Disabling Mandatory Access Control to Elements

To disable mandatory access control to MDM dictionary elements:

1. Make sure that element attributes that are responsible for discretionary access permissions do not have parameters added, no keys added, the Alternative Hierarchy checkbox is deselected in properties.

2. Deselect the Elements Have Mandatory Access Permissions checkbox on the Description tab of the MDM dictionary in the object navigator of Foresight Analytics Platform in the desktop application.

After mandatory access control is disabled for MDM dictionary elements, the user has full access to dictionary elements.

Attribute-Based Access Control Method

When selecting attribute-based access control method follow the steps:

1. Select the Use Attribute-Based Access Control checkbox in the Policies Editor section of the security manager.
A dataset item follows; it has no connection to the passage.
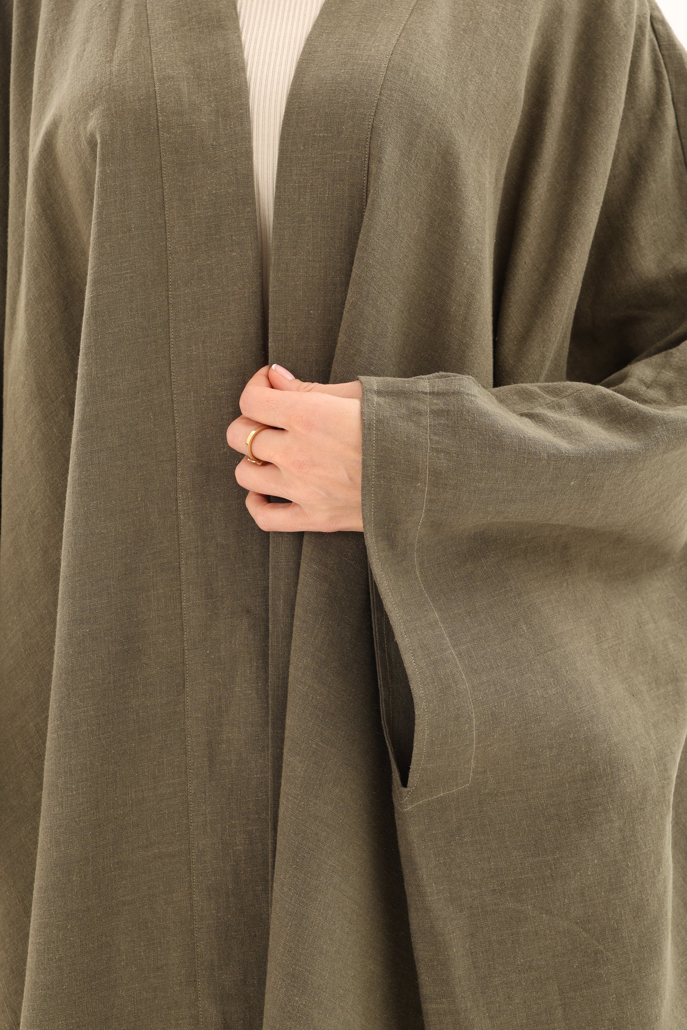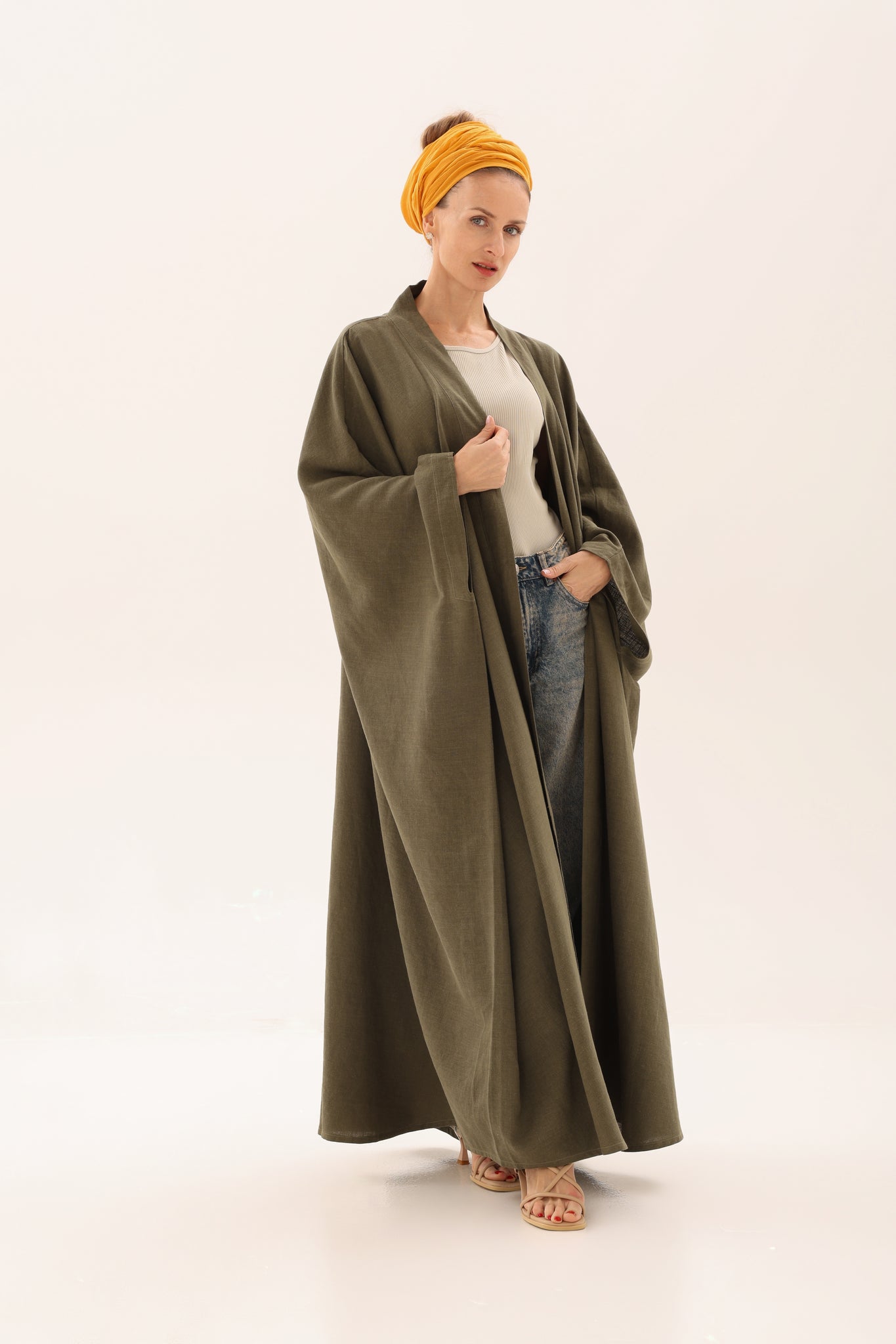 Embrace grounded elegance with this flowing kimono crafted from lightweight textured Linen in a deep olive tone.

2. Create a policies and rules set that enables the specified user to access the required MDM dictionary; to do this, create a permission for:

• Specified user.

• Class of folders, if the dictionary is in the root, to read descriptor.

• Database, that stores dictionary data, to read and read object body.

• Internal MDM dictionary table to get full access.

• MDM dictionary to get full access.

3. Add rules for MDM dictionary elements to the policy. To do this, specify the Operation environment attribute in the purpose and set the specific operation value. Available values are specified in the DictionarySpecificRights enumeration.

In the additional condition specify comparison of element attribute with the value corresponding to data type of attribute identifier. The example of the specified purpose to read element with the 1 key:

4. Select the Elements Have Attribute-Based Access Permissions checkbox on the Description tab of the MDM dictionary in the object navigator of Foresight Analytics Platform in the desktop application. After the checkbox is selected, MDM dictionary element rules are enabled.

Access permissions for MDM dictionary elements can also be set up in the development environment using the ABAC assembly. The example of denying the user to read table MDM dictionary element is given in the Access Permissions for Table MDM Dictionary Elements section.

Disabling Attribute-Based Access Control to Elements

To disable attribute-based access control to MDM dictionary elements, deselect the Elements Have Attribute-Based Access Permissions checkbox on the Description tab of the MDM dictionary in the object navigator of Foresight Analytics Platform in the desktop application.